Outside of applications where a cacheless DSP or microcontroller is required, most modern processors have a CPU cache which partitions instruction and data.
There are also processors which are Harvard machines by the most rigorous definition (that program and data memory occupy different address spaces), and are only modified in the weak sense that there are operations to read and/or write program memory as data. For example, LPM (Load Program Memory) and SPM (Store Program Memory) instructions in the Atmel AVR implement such a modification. Similar solutions are found in other microcontrollers such as the PIC and Z8Encore!, many families of digital signal processors such as the TI C55x cores, and more. Because instruction execution is still restricted to the program address space, these processors are very unlike von Neumann machines. External wiring can also convert a strictly Harvard CPU core into an modified Harvard one, for example by simply combining `PSEN#` (program space read) and `RD#` (external data space read) signals externally through an AND gate on a Intel 8051 family microcontroller, the microcontroller are said to be "von Neumann connected," as the external data and program address spaces become unified.

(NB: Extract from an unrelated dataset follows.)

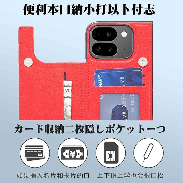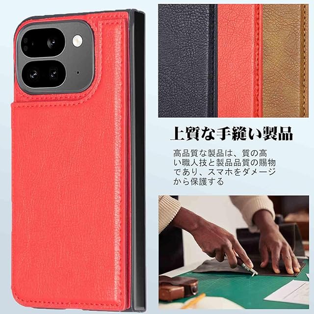 【Aqier】For Pixel 9 Pro Fold 用 ケース 背面手帳型 軽い薄い 純色 レザーケース (レッド) グーグル ピクセル9プロ フォールド ケースカード入れ 片手操作 バックカバー pixel9pro fold 赤色

Having separate address spaces creates certain difficulties in programming with high-level languages that do not directly support the notion that tables of read-only data might be in a different address space from normal writable data (and thus need to be read using different instructions). The C programming language can support multiple address spaces either through non-standard extensions[a] or through the now standardized extensions to support embedded processors.